Welcome! In this 'able I will be showing you how to make a wireless model ignition rocket system. This ignition system can be used with commercial igniters/e-matches in conjunction with the home made e-matches I made in my last project - you can find that project here.

This build will require basic electronic and soldering skills along with ability to use a drill or dremel. If you are under 18 years old you should do this under the supervision of a responsible adult - get dad to help out!

Warning: You are participating in this project at your own risk. I am not responsible any injuries or damage to property as a result of your actions. I recommend using all safety precautions available including working in a well ventilated area, with safety glasses on and other protective equipment. Its not worth hurting yourself because of taking shortcuts in safety!
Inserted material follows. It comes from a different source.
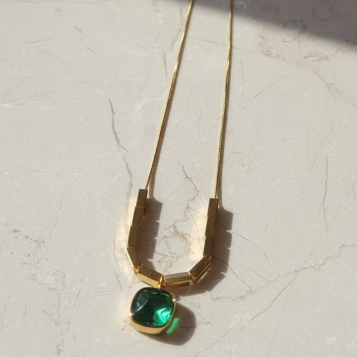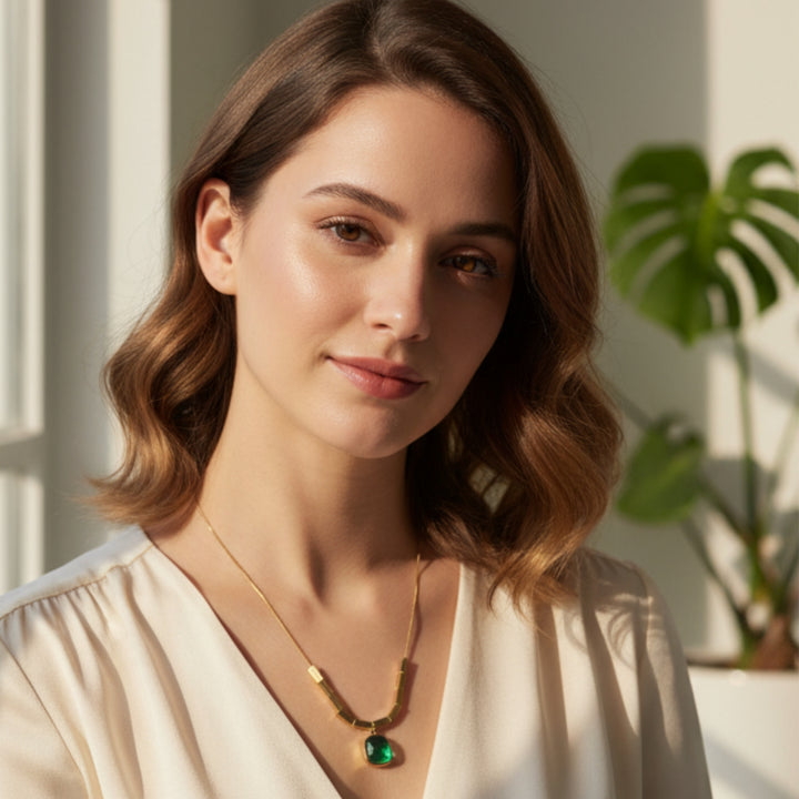 Elegant Emerald Cut Necklace featuring a stunning emerald-cut gemstone pendant set in a sleek frame. Perfect for evening wear, gifting, or adding timeless sophistication to your jewellery collection. |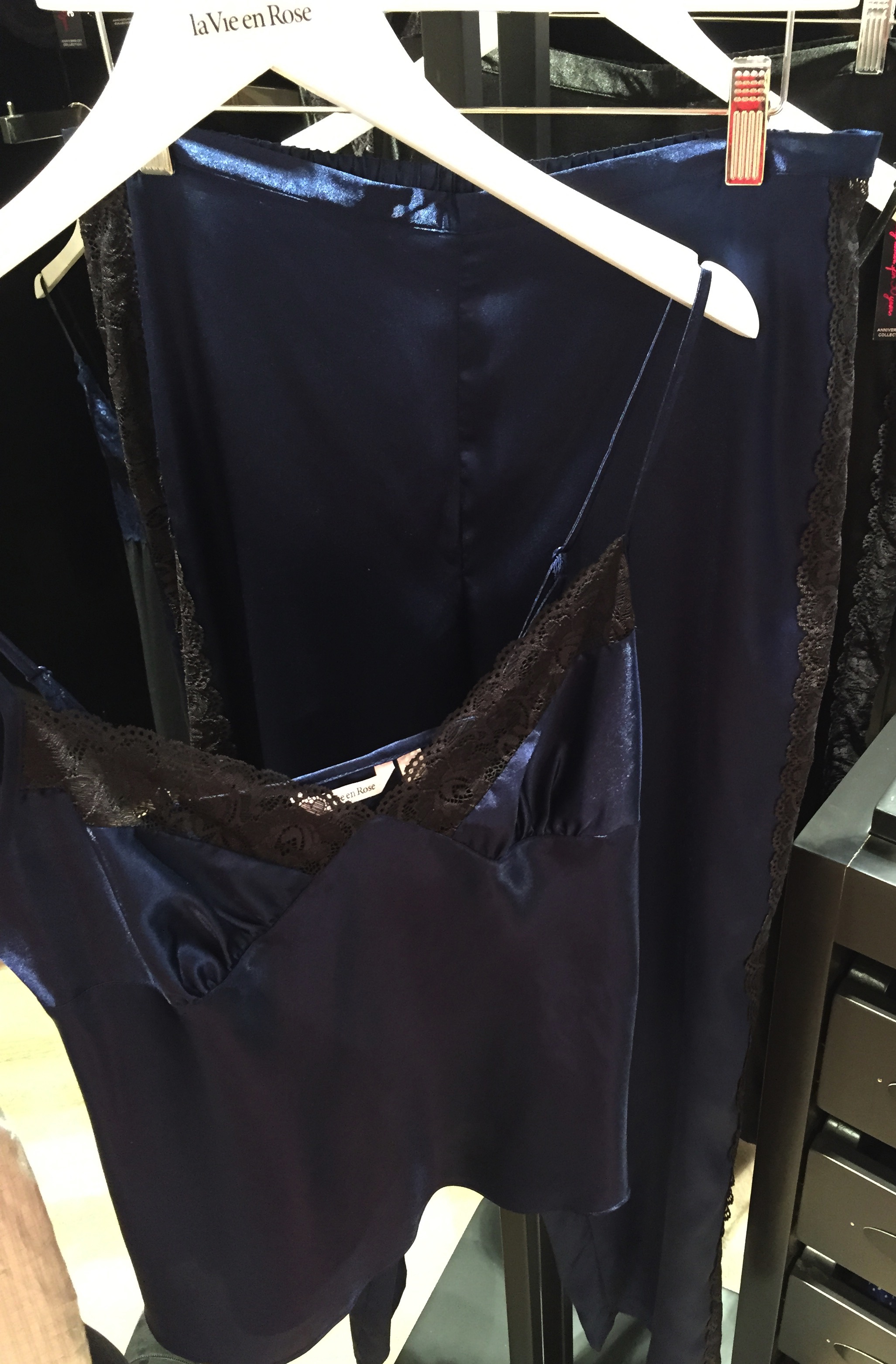 So soft, so silky. This lovely cami and pant set comes in this navy and black combo, or all black. I like to think of this set as the practical gal’s choice – all your important bits covered, but still an air of mystery.

STEP 1: Tools and Supplies

To build the rocket ignition system you will need to have a few basic tools at your disposal along with the following supplies. Most of the electronics and hardware in this project can be purchased off eBay or from your local electronic store like Jaycar.

Tools:

  • Voltmeter
  • Superglue
  • Screwdrivers
  • Heatshrink
  • Adjustable spanner
  • Soldering Iron and Solder
  • Dremel, portable drill or drill press

Supplies:

  • Plastic Casing - I used a 197 x 113 x 63mm ABS box - I got mine from jaycar for $7 AU but I would recommend a hinged box as you'll be opening and closing it to change out batteries - see here
  • Two channel radio frequency [RF] receiver - Similar to garage door remote control - I found a four channel one here for $11 AU including free shipping
  • One 12v "rocket" switch
  • Three Nine Volt Batteries*
  • Eight AA rechargeable batteries*
  • Three Nine Volt Battery Connectors* - 90c each - see here
  • One eight AA battery holder* - About $2 each from Jaycar - see here
  • One red and one green 12v LED indicator lamp - about $3.50 each - see here
  • Length of speaker wire - I used three metres but you may want to use shorter or longer depending on how far away you want the igniter box from your rocket - something similar to this.
  • Various lengths of electrical wire - I had mine lying around from past projects - you probably want red and black to make it easy to identify positive and negative when soldering.
  • Aligator Clips - you might want to buy these cheap and in bulk because they are going to get toasted every launch!
*In terms of batteries you can use whatever you want as long as they have decent mAH. If you change up the batteries you need to look at using different battery connectors. You basically need to have three different battery connections - one to power the RF receiver, one to power the "firing leads" and "armed" LED and the last to power the "safe" LED.

STEP 2: The Circuit

Before you get started on building your shiney box to contain all of your circuitry you will probably want to build the circuit first to make sure it works. Don't do any soldering at this point as some components such as the LEDs will need to be mounted through the plastic.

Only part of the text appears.